» What the exercise asks: No record may be omitted; give all of them again exactly.

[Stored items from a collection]

*-*-*

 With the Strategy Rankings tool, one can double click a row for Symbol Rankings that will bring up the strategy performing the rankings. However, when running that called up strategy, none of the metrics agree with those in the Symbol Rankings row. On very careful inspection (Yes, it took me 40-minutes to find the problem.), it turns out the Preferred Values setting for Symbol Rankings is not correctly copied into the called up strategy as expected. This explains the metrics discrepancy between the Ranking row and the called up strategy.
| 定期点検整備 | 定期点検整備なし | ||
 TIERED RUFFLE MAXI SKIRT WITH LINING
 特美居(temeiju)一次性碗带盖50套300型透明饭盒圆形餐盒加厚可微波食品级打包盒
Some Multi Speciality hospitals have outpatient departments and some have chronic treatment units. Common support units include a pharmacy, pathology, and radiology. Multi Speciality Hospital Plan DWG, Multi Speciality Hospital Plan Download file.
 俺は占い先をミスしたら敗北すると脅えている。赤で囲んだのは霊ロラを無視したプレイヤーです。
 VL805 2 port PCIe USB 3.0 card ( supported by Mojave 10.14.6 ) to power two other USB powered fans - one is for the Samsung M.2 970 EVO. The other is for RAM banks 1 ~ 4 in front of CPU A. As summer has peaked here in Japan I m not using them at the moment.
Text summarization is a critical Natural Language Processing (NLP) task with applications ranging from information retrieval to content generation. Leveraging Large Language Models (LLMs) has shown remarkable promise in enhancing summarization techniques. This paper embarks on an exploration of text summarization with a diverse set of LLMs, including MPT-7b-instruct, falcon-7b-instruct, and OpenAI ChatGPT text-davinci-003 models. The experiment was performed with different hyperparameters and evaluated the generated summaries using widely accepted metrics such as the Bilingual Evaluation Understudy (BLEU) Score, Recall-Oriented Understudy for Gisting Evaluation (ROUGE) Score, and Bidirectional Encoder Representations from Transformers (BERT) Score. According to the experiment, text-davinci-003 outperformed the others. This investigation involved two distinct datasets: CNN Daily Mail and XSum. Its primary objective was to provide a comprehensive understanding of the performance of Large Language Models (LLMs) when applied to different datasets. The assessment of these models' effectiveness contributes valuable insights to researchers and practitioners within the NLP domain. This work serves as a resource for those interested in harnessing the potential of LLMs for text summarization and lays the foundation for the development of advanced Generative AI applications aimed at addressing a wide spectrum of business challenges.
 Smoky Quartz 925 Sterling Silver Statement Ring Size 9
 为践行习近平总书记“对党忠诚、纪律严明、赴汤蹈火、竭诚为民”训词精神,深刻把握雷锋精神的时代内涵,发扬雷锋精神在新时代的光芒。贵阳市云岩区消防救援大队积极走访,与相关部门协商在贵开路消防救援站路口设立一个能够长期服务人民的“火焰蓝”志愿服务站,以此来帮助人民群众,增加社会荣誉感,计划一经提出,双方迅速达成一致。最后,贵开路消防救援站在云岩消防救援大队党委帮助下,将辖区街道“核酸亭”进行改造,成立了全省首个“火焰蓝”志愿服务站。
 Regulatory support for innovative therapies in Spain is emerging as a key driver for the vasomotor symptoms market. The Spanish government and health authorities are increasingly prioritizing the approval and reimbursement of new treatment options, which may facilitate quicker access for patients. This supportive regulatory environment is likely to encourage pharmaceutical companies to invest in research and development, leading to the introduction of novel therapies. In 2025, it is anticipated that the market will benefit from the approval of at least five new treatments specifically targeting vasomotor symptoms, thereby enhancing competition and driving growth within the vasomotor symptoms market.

*-*-*

» Solution:
 With the Strategy Rankings tool, one can double click a row for Symbol Rankings that will bring up the strategy performing the rankings. However, when running that called up strategy, none of the metrics agree with those in the Symbol Rankings row. On very careful inspection (Yes, it took me 40-minutes to find the problem.), it turns out the Preferred Values setting for Symbol Rankings is not correctly copied into the called up strategy as expected. This explains the metrics discrepancy between the Ranking row and the called up strategy.
| 定期点検整備 | 定期点検整備なし | ||
 TIERED RUFFLE MAXI SKIRT WITH LINING
 特美居(temeiju)一次性碗带盖50套300型透明饭盒圆形餐盒加厚可微波食品级打包盒
Some Multi Speciality hospitals have outpatient departments and some have chronic treatment units. Common support units include a pharmacy, pathology, and radiology. Multi Speciality Hospital Plan DWG, Multi Speciality Hospital Plan Download file.
 俺は占い先をミスしたら敗北すると脅えている。赤で囲んだのは霊ロラを無視したプレイヤーです。
 VL805 2 port PCIe USB 3.0 card ( supported by Mojave 10.14.6 ) to power two other USB powered fans - one is for the Samsung M.2 970 EVO. The other is for RAM banks 1 ~ 4 in front of CPU A. As summer has peaked here in Japan I m not using them at the moment.
Text summarization is a critical Natural Language Processing (NLP) task with applications ranging from information retrieval to content generation. Leveraging Large Language Models (LLMs) has shown remarkable promise in enhancing summarization techniques. This paper embarks on an exploration of text summarization with a diverse set of LLMs, including MPT-7b-instruct, falcon-7b-instruct, and OpenAI ChatGPT text-davinci-003 models. The experiment was performed with different hyperparameters and evaluated the generated summaries using widely accepted metrics such as the Bilingual Evaluation Understudy (BLEU) Score, Recall-Oriented Understudy for Gisting Evaluation (ROUGE) Score, and Bidirectional Encoder Representations from Transformers (BERT) Score. According to the experiment, text-davinci-003 outperformed the others. This investigation involved two distinct datasets: CNN Daily Mail and XSum. Its primary objective was to provide a comprehensive understanding of the performance of Large Language Models (LLMs) when applied to different datasets. The assessment of these models' effectiveness contributes valuable insights to researchers and practitioners within the NLP domain. This work serves as a resource for those interested in harnessing the potential of LLMs for text summarization and lays the foundation for the development of advanced Generative AI applications aimed at addressing a wide spectrum of business challenges.
 Smoky Quartz 925 Sterling Silver Statement Ring Size 9
 为践行习近平总书记“对党忠诚、纪律严明、赴汤蹈火、竭诚为民”训词精神,深刻把握雷锋精神的时代内涵,发扬雷锋精神在新时代的光芒。贵阳市云岩区消防救援大队积极走访,与相关部门协商在贵开路消防救援站路口设立一个能够长期服务人民的“火焰蓝”志愿服务站,以此来帮助人民群众,增加社会荣誉感,计划一经提出,双方迅速达成一致。最后,贵开路消防救援站在云岩消防救援大队党委帮助下,将辖区街道“核酸亭”进行改造,成立了全省首个“火焰蓝”志愿服务站。
 Regulatory support for innovative therapies in Spain is emerging as a key driver for the vasomotor symptoms market. The Spanish government and health authorities are increasingly prioritizing the approval and reimbursement of new treatment options, which may facilitate quicker access for patients. This supportive regulatory environment is likely to encourage pharmaceutical companies to invest in research and development, leading to the introduction of novel therapies. In 2025, it is anticipated that the market will benefit from the approval of at least five new treatments specifically targeting vasomotor symptoms, thereby enhancing competition and driving growth within the vasomotor symptoms market.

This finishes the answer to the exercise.